How to take the step to talk to people?
- Choose someone you find receptive to approach. Pay attention to the details if he looks at you or smiles at you, if he approaches you because he is close to the place where you are, if he is friendly.
You can use this in:
- The supermarket perhaps waiting in line to buy bread, you can comment something about a product that you like or that you see that person also consumes.
- An acquaintance’s birthday, where you’re not really close friends, is a good place to start a conversation, whether it’s helping to set up the party supplies, or making a funny comment to someone else sitting near you.
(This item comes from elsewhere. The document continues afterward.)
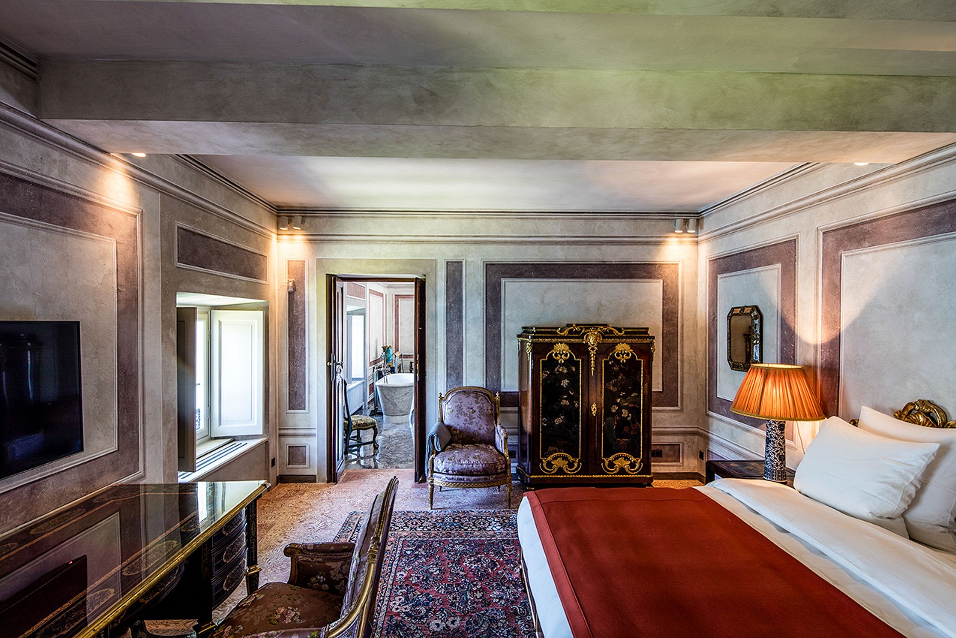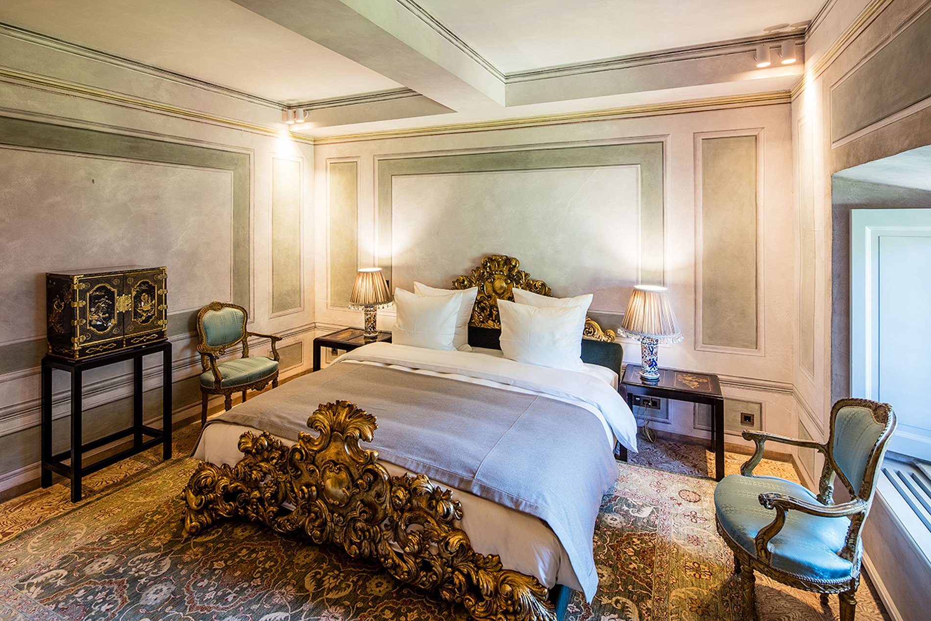 Le palais principal abrite six suites luxueuses, toutes conçues individuellement, avec une identité propre. Entre les vues imprenables sur le lac, les volumes majestueux et les salles de bains en marbre, chaque suite promet une expérience d’exception, à la fois intime, élégante et intemporelle.

You.
- In a park, if you have a pet and you take it for a walk, you can approach other owners who go out for a walk in the afternoon, you can comment on anecdotes or give some advice, always paying attention to the context and bringing up an appropriate topic of conversation such as For example, if your dog has hobbies similar to the other person’s or they play with the same toys.
- You can choose someone you already know. It usually happens that there is someone who catches your attention because you think you can share things with them, but you don’t dare to take the step, maybe you work or study with them, or just live near you and you usually coincide with them. One way is; asking her how her day is going, or a comment related to the place where you are, about a routine that you have observed that she does regularly or dedicating a compliment about something you like about her.
- You can choose someone you don’t know. Be observant and do not be ashamed to talk to people you have not seen before, just try to find the right topic of conversation and behave naturally, do not try to pretend to be someone you are not, because if you start a friendship sooner or later you will show your authentic personality, so it is better to show yourself as you are with your virtues and your defects.
- Carry out a gradual conversation: as you gain confidence with the person you can tell them more about your private life, do not talk about intimate issues with the first person you come across, you have to test if the person pays attention or is receptive about the things that you tell him, because if you notice that he does not pay attention to you, or he gets bored, you should pause or change the subject. Over time you will see if you connect with her or if you have very opposite ways of being, so a friendship would not be possible.
- Add more people: one way to meet more people at once is to include them in the conversation to make it more pleasant and relaxed, so by exchanging opinions you can get to know them little by little, and pay attention to their way of behaving and speaking, like this you will be able to discover if they are related to you or not. In addition, the more variety of people, the more varied the topics that can be discussed and the more entertaining the talk can be.
- Listen carefully: another important key is knowing how to listen well to what the other person is saying and, above all, being respectful, not constantly interrupting them, you can reciprocate what they are telling you with small phrases, or affirmations with your head that show that what you are listening to, you are interested or if you agree with what he is telling you in confidence. When he has finished you can also give your point of view, or perhaps give him some advice if that is what he asked for after chatting with you.